Historie zwykłych ludzi?
Fałszywy zając wprowadza nas w świat czterech głównych bohaterów, których losy splatają się ze sobą w różnym stopniu. Pierwszy duet to Andrik i Zahir, którzy uciekli z domu rządzonego przez okrutną opiekunkę i rozdzielili się tylko po to, by kompletnie zagubić się w nieprzyjaznym środowisku. Następnie poznajemy Pachiego, który swój pierwszy dzień wolny po dwóch tygodniach pracy postanawia spędzić z przyjacielem Vinicim. Wkrótce okazuje się, że będzie to niezwykle długi dzień pełen „nieciekawych” przygód, w których główną rolę grają wszelkiego rodzaju substancje odurzające i przerażające traumy bohaterów.
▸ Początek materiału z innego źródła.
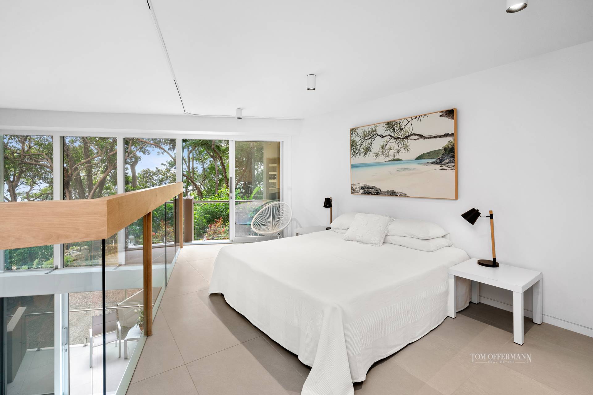 When it comes to bliss time the north-facing king master suite opens to a covered balcony. It has sparkling views of Little Cove Beach, Laguna Bay and beyond to the Coloured Sands. Custom cabinetry takes care of wardrobe space also there's a dedicated space to stay 'connected'. A very chic ensuite has double, Corian-topped vanities with mirror-fronted cabinets, plus walk-in, drencher shower.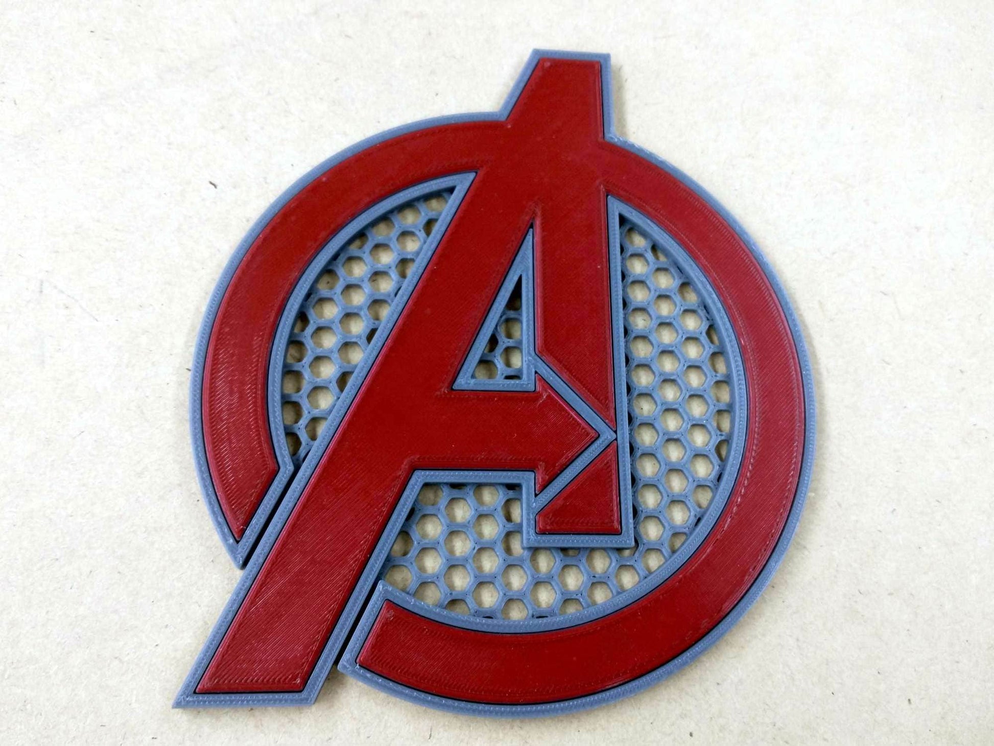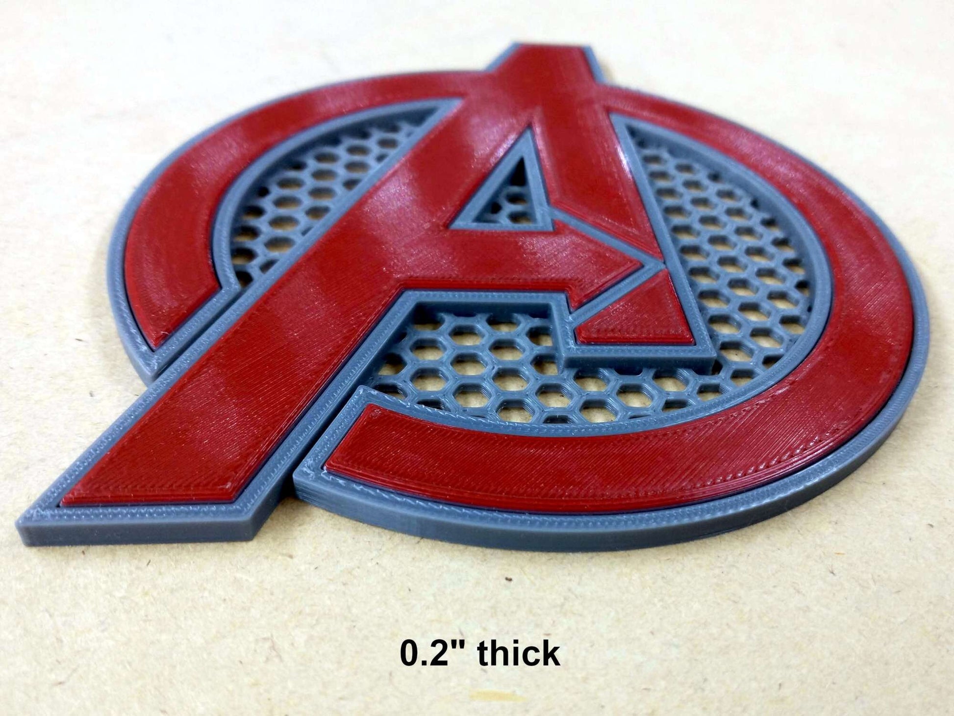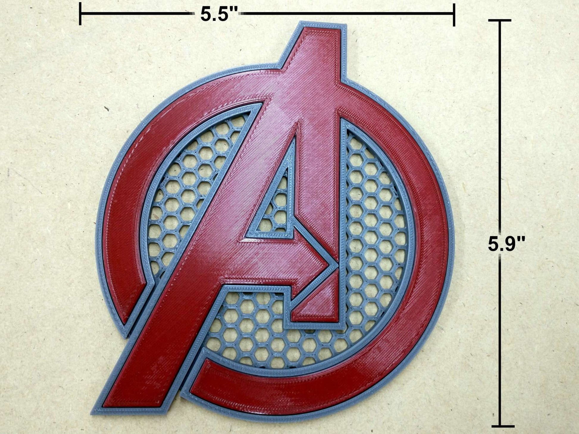 Avengers Emblem badge. Printed in grey with red. Very nice to hang by desk or in room. Show off your passion.

Czytaj także: Tunele Rodericka Gordona i Briana Williamsa – początek mrocznej przygody
Rozpalony Meksyk
Klimat książki jest niepowtarzalny i przytłaczający. Powietrze niemal nieprzerwanie wypełnia nieznośny upał, który wyciska z bohaterów hektolitry potu. Ubrania kleją się do ciał, a ławki są zbyt gorące, by na nich usiąść. Kiedy czytamy o pracy Pachiego, który całe dnie spędza na motocyklu między samochodami zatłoczonego centrum miasta, możemy niemal poczuć ciężki zapach spalin stojący w powietrzu i nieubłagane słońce palące kark od góry, kiedy wydzieliny rur wydechowych wiszące nad rozgrzanym asfaltem drapią w gardle i smażą łydki od dołu. Ale jego los poznajemy po tym, jak przedstawiono nam sytuacje Andrika. Życie Pachiego nie wydaje się w takim zestawieniu szczególnie złe.
Brutalność bez cenzury
Książka jest wyładowana po brzegi szczegółowymi opisami drastycznych wydarzeń, które stanowią codzienność miejscowej ludności. Wszechwiedzący narrator daje nam pełen dostęp do myśli bohaterów, nie zważając na to, jak ordynarne lub krótkowzroczne by nie były. Czasami nie wnoszą one nic do fabuły; w ogóle czytelnik nie ma jasnego pojęcia do czego zmierza powieść. Szybko możemy się zorientować, że najpewniej nie jest to kolejna historia z bardziej lub mniej nieprawdopodobnym szczęśliwym zakończeniem, w której fabuła kręci się wokół pokonywania trudności i stawania się lepszą wersją siebie. Jeśli z historii tej można wyciągnąć lekcję, to należy dopatrzyć się jej samodzielnie. Autorka przedstawia nam przekrój szeroko pojętej patologii. Wskazuje na wyzwania, które stoją przed słabiej rozwiniętymi państwami. Uświadamia, jak trudny i ważny jest proces polegający na zmianie postaci rzeczy.